Anderson localization in fractional quantum Hall effect

TL;DR

This paper provides theoretical evidence linking quasiparticle localization in fractional quantum Hall states to electron localization in higher Landau levels, predicting critical energies and localization length divergence.

Contribution

It introduces a novel correspondence between quasiparticle localization in fractional quantum Hall states and electron localization in Landau levels, with implications for understanding extended states.

Findings

Localization of quasiparticles mirrors electron localization in higher Landau levels.

Predictions of extended states at critical energies in fractional quantum Hall regime.

Divergence of localization length near critical energies.

Abstract

The interplay between interaction and disorder-induced localization is of fundamental interest. This article addresses localization physics in the fractional quantum Hall state, where both interaction and disorder have nonperturbative consequences.

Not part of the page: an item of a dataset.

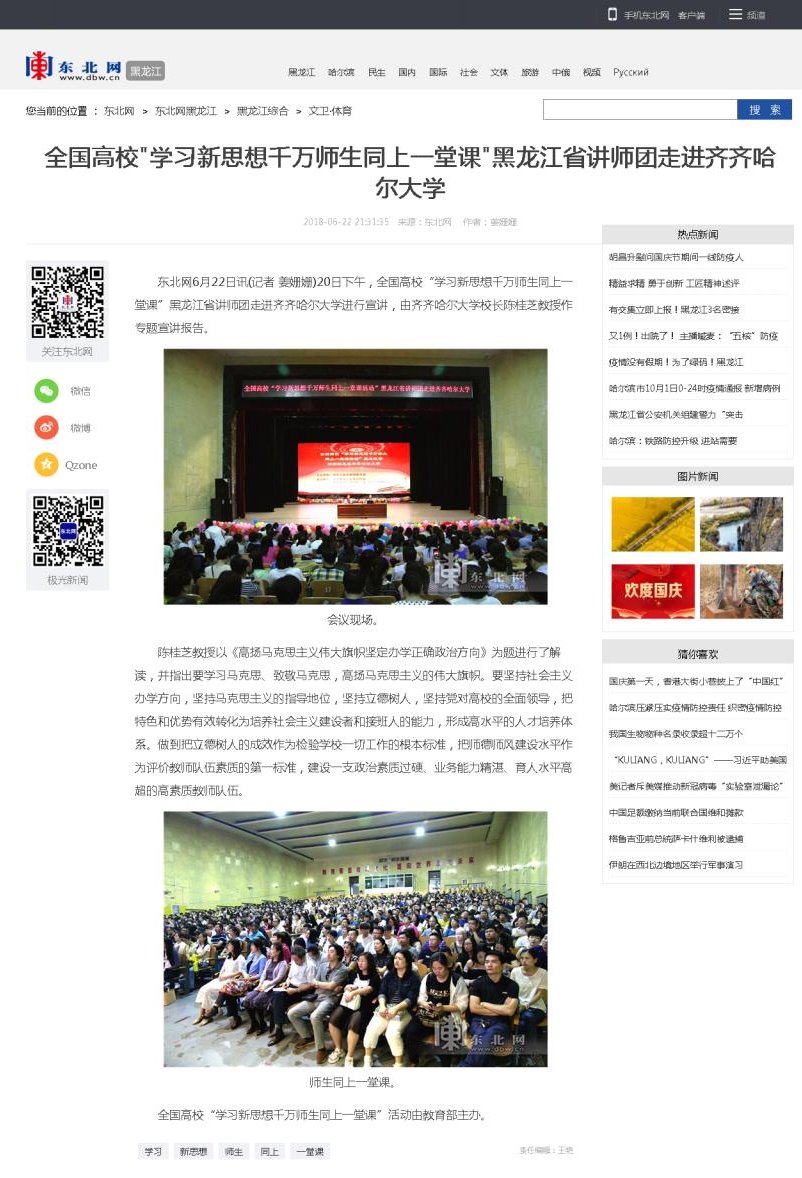 【东北网】万象城AWC官方网站校长陈桂芝教授作专题宣讲报告

We provide compelling theoretical evidence that the localization of a single quasiparticle of the fractional quantum Hall state at filling factor $\nu=n/(2n+1)$ has a striking {\it quantitative} correspondence to the localization of a single electron in the $(n+1)$th Landau level. By analogy to the dramatic experimental manifestations of Anderson localization in integer quantum Hall effect, this leads to predictions in the fractional quantum Hall regime regarding the existence of extended states at a critical energy, and the nature of the divergence of the localization length as this energy is approached. Within a mean field approximation these results can be extended to situations where a finite density of quasiparticles is present.